§ **THE PROBLEM**
A word-for-word reproduction of the data below is needed, with no pictures in it.

§ **EXERCISE INPUT**

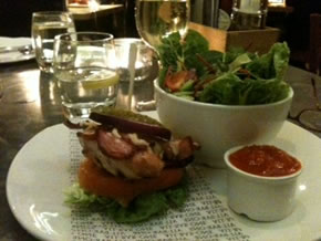 The mains included burgers (lamb, crab and lobster, or beef) at around £10, and the menu was a fairly typical selection similar to that found in most English pubs including fish and chips, steak, salmon fillet, curry or Pad Thai. Those mains range in price from around £8 - £15. I chose the chicken fillet burger which came wrapped in very thick bacon, served with salad and I chose to forego the bun. Celeriac remoulade was promised but its delivery took prompting and it was not terribly exciting, being smothered in mayonnaise. The chicken was a little dry and unappetitising but the bacon was very good, and the salad was fresh and varied. My friend chose the Salmon Teriyaki and Tiger Prawn salad served with roasted red peppers and fresh leaf salad. She described it as tasty "but definitely not Tiger Prawns".
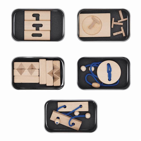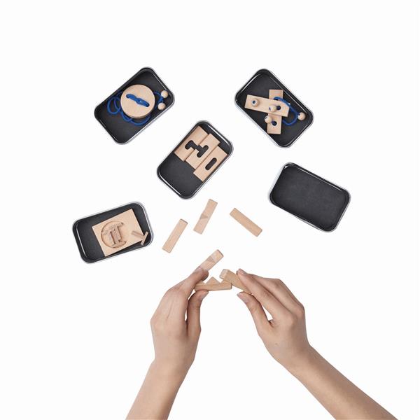 Gra logiczna THINK ABOUT w metalowym pudełku z papierową etykietą. Miks 5 gier. Materiał: Drewno/Metal Kolor: srebrny Tagi: gry,puzzle,przedmioty rekreacyjne
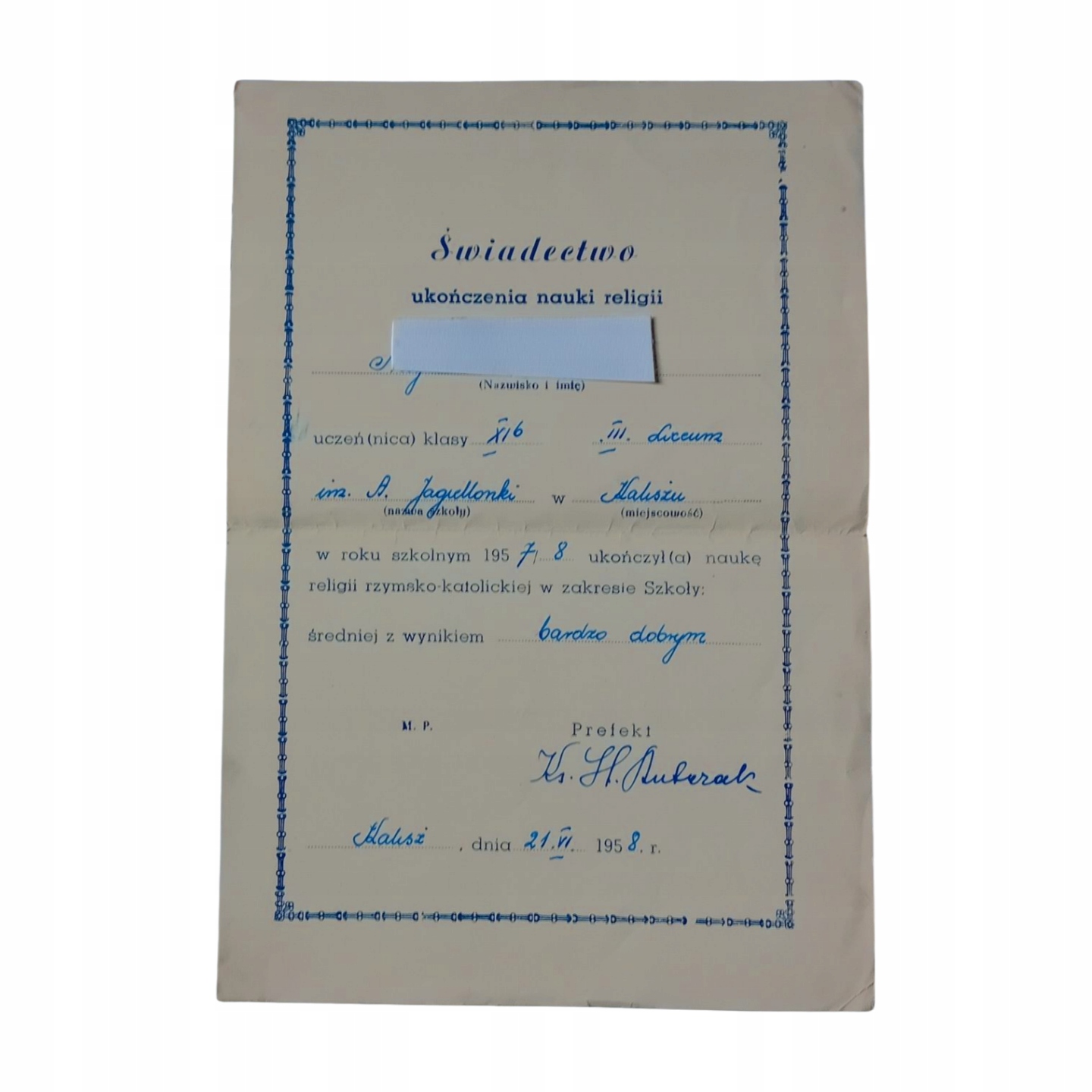 Заповніть сертифікат. релігієзнавства, середня школа Анна Ягеллонка Каліш, 1958 р
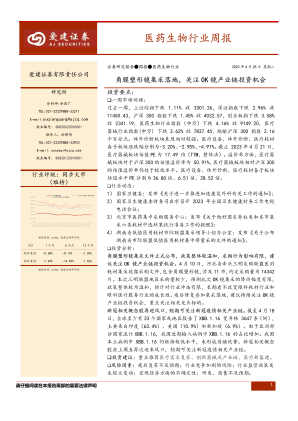 医药生物行业周报:角膜塑形镜集采落地,关注OK镜产业链投资机会
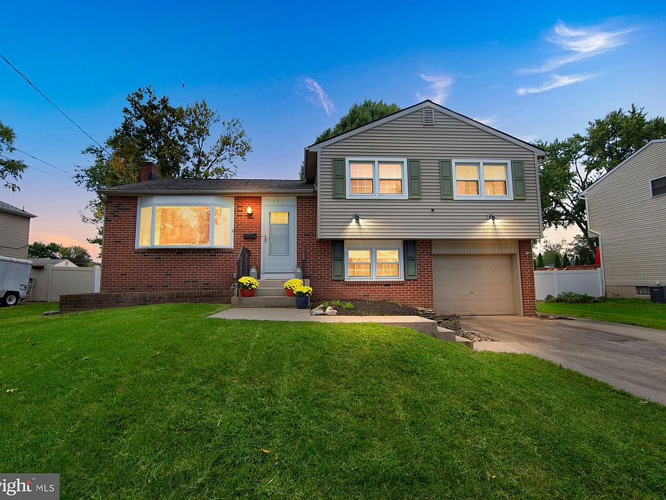 Offers due 5:30 10-9-24. No showings after 3pm 10-9-24. You're going to love this 3 bedroom, 2 bath, split level home in Downs Farm. The curb appeal is undeniable. You can pull in to the 4 car driveway or park on the wide street. Enter the home to see the hardwood floors that flow from the living space through the dining room with a view of the spacious backyard. The kitchen is nicely appointed with laminate flooring and tile backsplash. Upstairs you will find 3 well sized bedrooms and an updated bath. The main bedroom boasts 2 closets for your wardrobe. You also have hall access to a pull down attic. On the lower level, there is a 2nd living space, the 2nd full bath, access to the 1/2 garage for storage, the laundry room and a HUGE basement for MORE storage. Head out back, from the lower level, and take a look at your new yard, complete with patio for entertaining or relaxation. The yard is fenced for privacy. Horace Mann Elementary is a block away. A playground is just up the street. Half mile to Downs Farm Swim Club. 10 minutes to the nearest mall. 5 minutes to 295. 20 Minutes to Philly. SO convenient. Don't miss your chance.
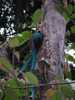 A male Resplendent Quetzal entering its nest.
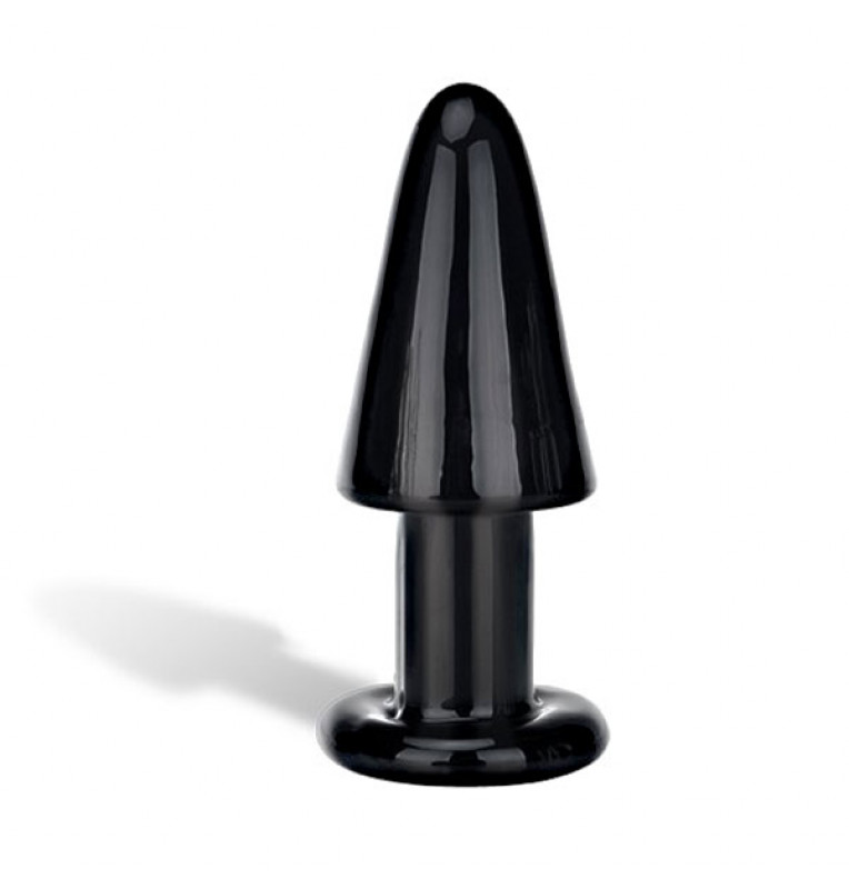 Черная анальная втулка из закаленного стекла. Плоское ограничительное основание позволяет комфортно использовать эту игрушку для анальных утех. Общая длина: 12,5 см. Максимальный диаметр: 4,3 см.
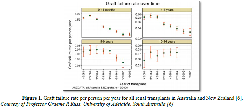 Data from Australia and New Zealand Dialysis and Transplant Registry shows that from 1995-2000, in deceased donor transplant recipients, 72% were alive 10 years after transplant. 20% of these had returned to dialysis. Hence only 59% were alive with working graft. The death rate was 2.5% per year in these patients. In Australia in 2010, 32% of deaths were due to malignancy, 23% were due to cardiovascular causes and 22% due to infection [4]. Figure 1 demonstrates the graft failure rate per person per year for all renal transplants in Australia and New Zealand. A gradual decline in graft function is seen with time, and the data shows the risk of graft failure increase substantially in recipients more than 10 years post-transplantation [6].
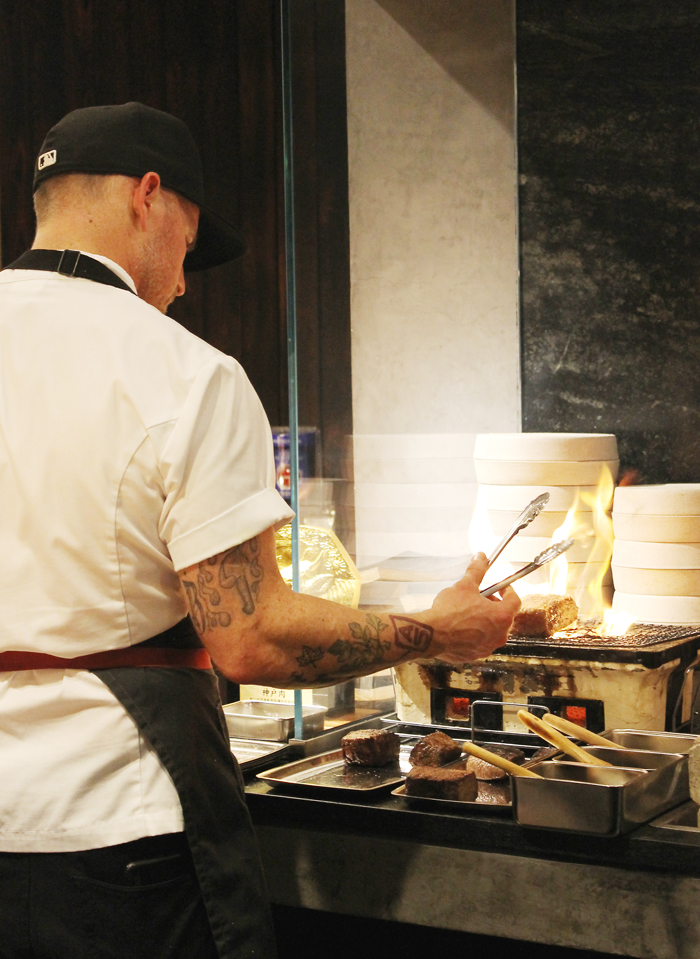 Sitting here is a primal, visceral experience, as you’re just inches from the flames of the hand-cranked main grill that can get up to 900 degrees to cook American prime steaks, and the small custom-built Japanese grill heated with binchotan white charcoal on which the Wagyu is seared.
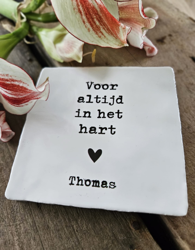 - Tegeltje met de tekst: Voor altijd in het hart ; te personaliseren met naam en datum of tekst
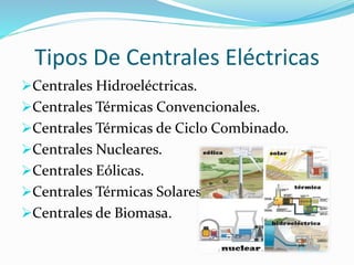 Este documento describe los diferentes tipos de centrales eléctricas, incluyendo centrales hidroeléctricas, térmicas convencionales, de ciclo combinado, nucleares, eólicas, solares y de biomasa. Para cada tipo, se proporcionan algunas de sus características principales, como el uso de la energía potencial del agua, combustibles fósiles o recursos renovables para generar electricidad.
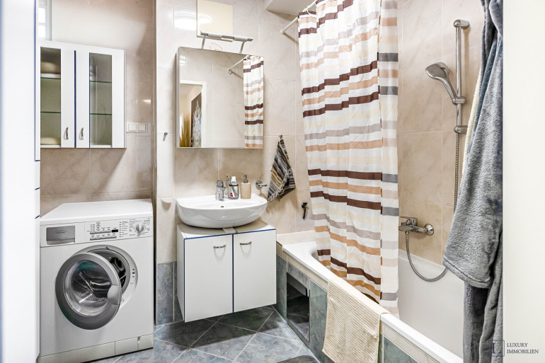 Die Wohnung befindet sich in einem sehr guten Zustand und wird komplett möbliert vermietet; die vorhandenen Möbel sind in der Miete inkludiert. Eine Klimaanlage sorgt für ein angenehmes Raumklima. Sämtliche Fenster sind zum ruhigen Innenhof ausgerichtet, was für eine besonders angenehme Wohnatmosphäre sorgt. Zusätzlich gehört ein geräumiges Kellerabteil zur Wohnung, das weiteren Stauraum bietet.
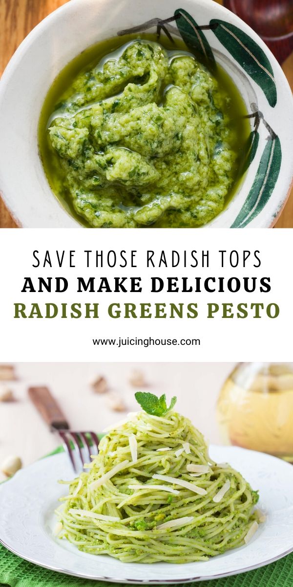 Radish greens are completely edible and their texture is perfect for a pesto sauce. I like to make a batch and freeze it for whenever I am making pasta, or chicken, or potatoes, or you can even put it in a salad as a salad dressing!
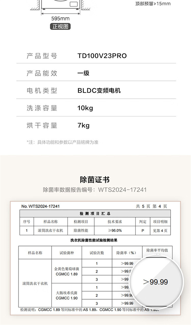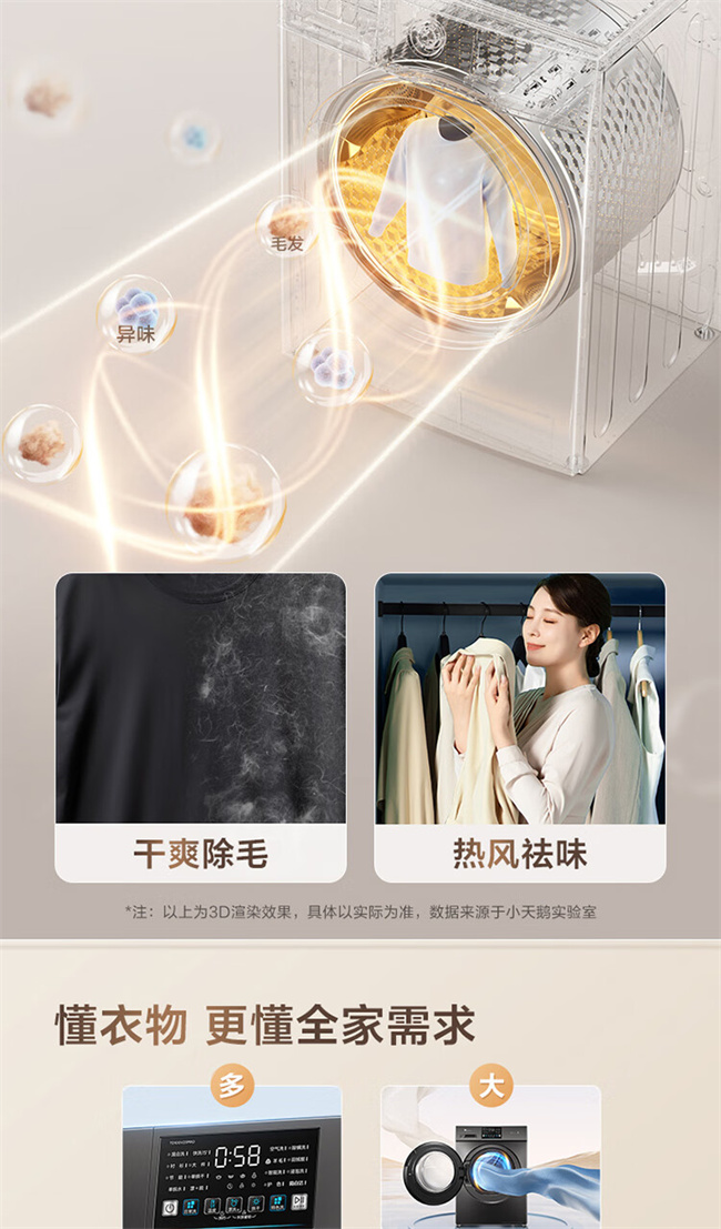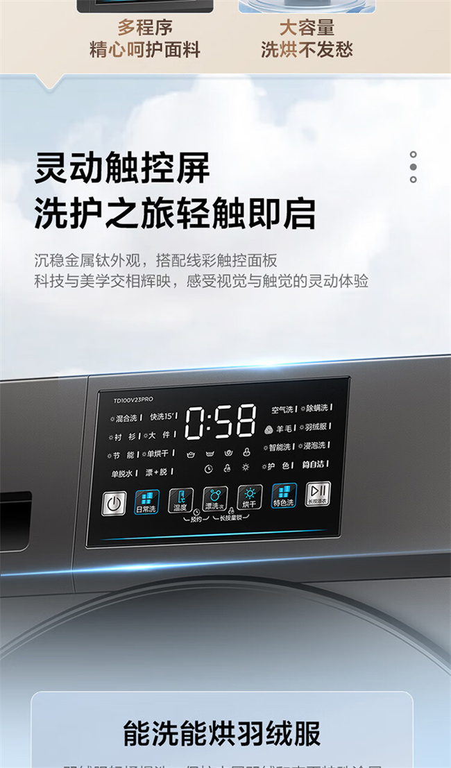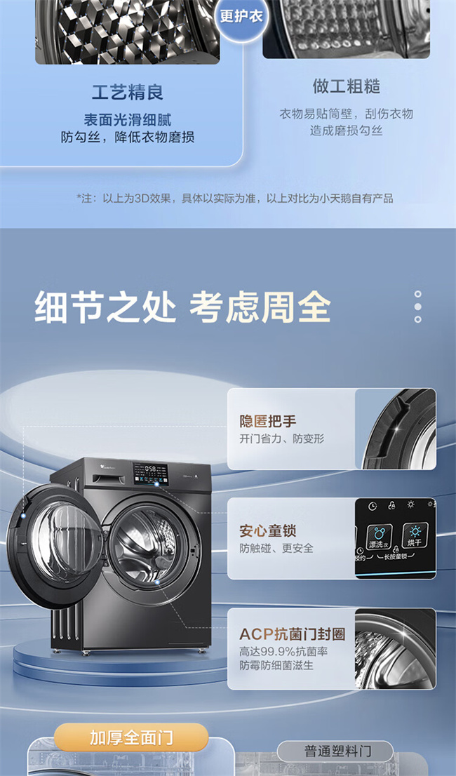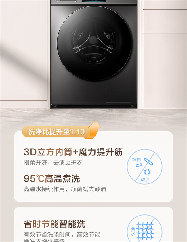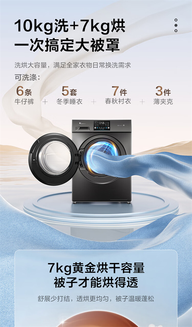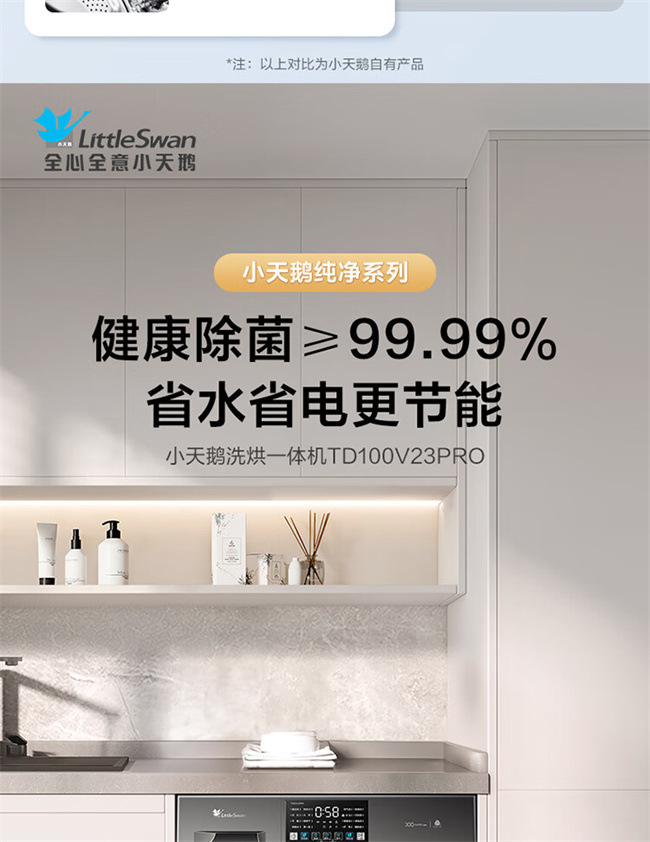小天鹅全自动滚筒洗衣机 10公斤 洗烘一体 变频除菌 1级能效 纯净系列 TD100V23PRO
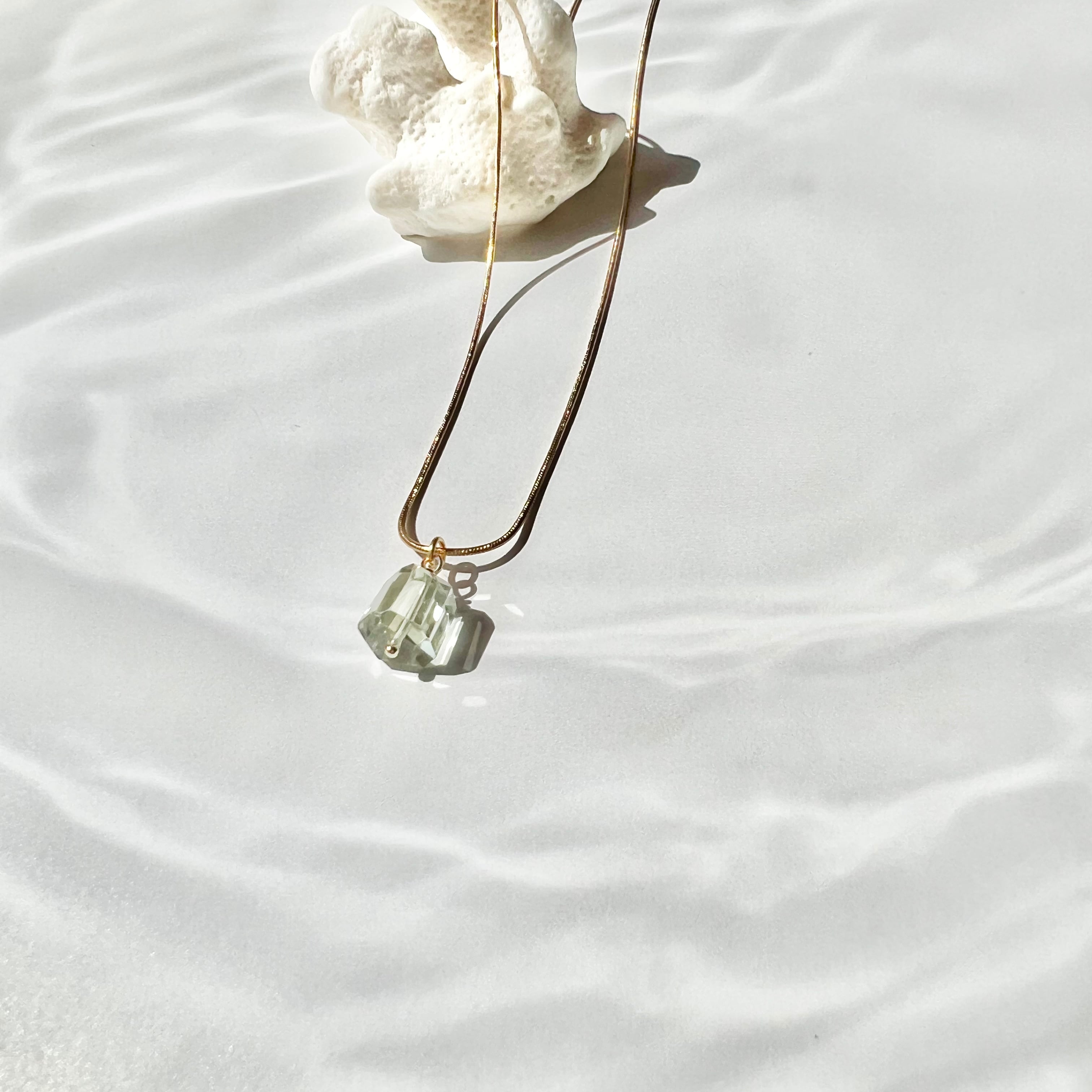 \ 再販 /グリーンアメジストのスネークチェーンネックレス サージカルステンレス

§ **TASK SOLUTION**
 The mains included burgers (lamb, crab and lobster, or beef) at around £10, and the menu was a fairly typical selection similar to that found in most English pubs including fish and chips, steak, salmon fillet, curry or Pad Thai. Those mains range in price from around £8 - £15. I chose the chicken fillet burger which came wrapped in very thick bacon, served with salad and I chose to forego the bun. Celeriac remoulade was promised but its delivery took prompting and it was not terribly exciting, being smothered in mayonnaise. The chicken was a little dry and unappetitising but the bacon was very good, and the salad was fresh and varied. My friend chose the Salmon Teriyaki and Tiger Prawn salad served with roasted red peppers and fresh leaf salad. She described it as tasty "but definitely not Tiger Prawns".
 Gra logiczna THINK ABOUT w metalowym pudełku z papierową etykietą. Miks 5 gier. Materiał: Drewno/Metal Kolor: srebrny Tagi: gry,puzzle,przedmioty rekreacyjne
 Заповніть сертифікат. релігієзнавства, середня школа Анна Ягеллонка Каліш, 1958 р
 医药生物行业周报:角膜塑形镜集采落地,关注OK镜产业链投资机会
 Offers due 5:30 10-9-24. No showings after 3pm 10-9-24. You're going to love this 3 bedroom, 2 bath, split level home in Downs Farm. The curb appeal is undeniable. You can pull in to the 4 car driveway or park on the wide street. Enter the home to see the hardwood floors that flow from the living space through the dining room with a view of the spacious backyard. The kitchen is nicely appointed with laminate flooring and tile backsplash. Upstairs you will find 3 well sized bedrooms and an updated bath. The main bedroom boasts 2 closets for your wardrobe. You also have hall access to a pull down attic. On the lower level, there is a 2nd living space, the 2nd full bath, access to the 1/2 garage for storage, the laundry room and a HUGE basement for MORE storage. Head out back, from the lower level, and take a look at your new yard, complete with patio for entertaining or relaxation. The yard is fenced for privacy. Horace Mann Elementary is a block away. A playground is just up the street. Half mile to Downs Farm Swim Club. 10 minutes to the nearest mall. 5 minutes to 295. 20 Minutes to Philly. SO convenient. Don't miss your chance.
 A male Resplendent Quetzal entering its nest.
 Черная анальная втулка из закаленного стекла. Плоское ограничительное основание позволяет комфортно использовать эту игрушку для анальных утех. Общая длина: 12,5 см. Максимальный диаметр: 4,3 см.
 Data from Australia and New Zealand Dialysis and Transplant Registry shows that from 1995-2000, in deceased donor transplant recipients, 72% were alive 10 years after transplant. 20% of these had returned to dialysis. Hence only 59% were alive with working graft. The death rate was 2.5% per year in these patients. In Australia in 2010, 32% of deaths were due to malignancy, 23% were due to cardiovascular causes and 22% due to infection [4]. Figure 1 demonstrates the graft failure rate per person per year for all renal transplants in Australia and New Zealand. A gradual decline in graft function is seen with time, and the data shows the risk of graft failure increase substantially in recipients more than 10 years post-transplantation [6].
 Sitting here is a primal, visceral experience, as you’re just inches from the flames of the hand-cranked main grill that can get up to 900 degrees to cook American prime steaks, and the small custom-built Japanese grill heated with binchotan white charcoal on which the Wagyu is seared.
 - Tegeltje met de tekst: Voor altijd in het hart ; te personaliseren met naam en datum of tekst
 Este documento describe los diferentes tipos de centrales eléctricas, incluyendo centrales hidroeléctricas, térmicas convencionales, de ciclo combinado, nucleares, eólicas, solares y de biomasa. Para cada tipo, se proporcionan algunas de sus características principales, como el uso de la energía potencial del agua, combustibles fósiles o recursos renovables para generar electricidad.
 Die Wohnung befindet sich in einem sehr guten Zustand und wird komplett möbliert vermietet; die vorhandenen Möbel sind in der Miete inkludiert. Eine Klimaanlage sorgt für ein angenehmes Raumklima. Sämtliche Fenster sind zum ruhigen Innenhof ausgerichtet, was für eine besonders angenehme Wohnatmosphäre sorgt. Zusätzlich gehört ein geräumiges Kellerabteil zur Wohnung, das weiteren Stauraum bietet.
 Radish greens are completely edible and their texture is perfect for a pesto sauce. I like to make a batch and freeze it for whenever I am making pasta, or chicken, or potatoes, or you can even put it in a salad as a salad dressing!
小天鹅全自动滚筒洗衣机 10公斤 洗烘一体 变频除菌 1级能效 纯净系列 TD100V23PRO
 \ 再販 /グリーンアメジストのスネークチェーンネックレス サージカルステンレス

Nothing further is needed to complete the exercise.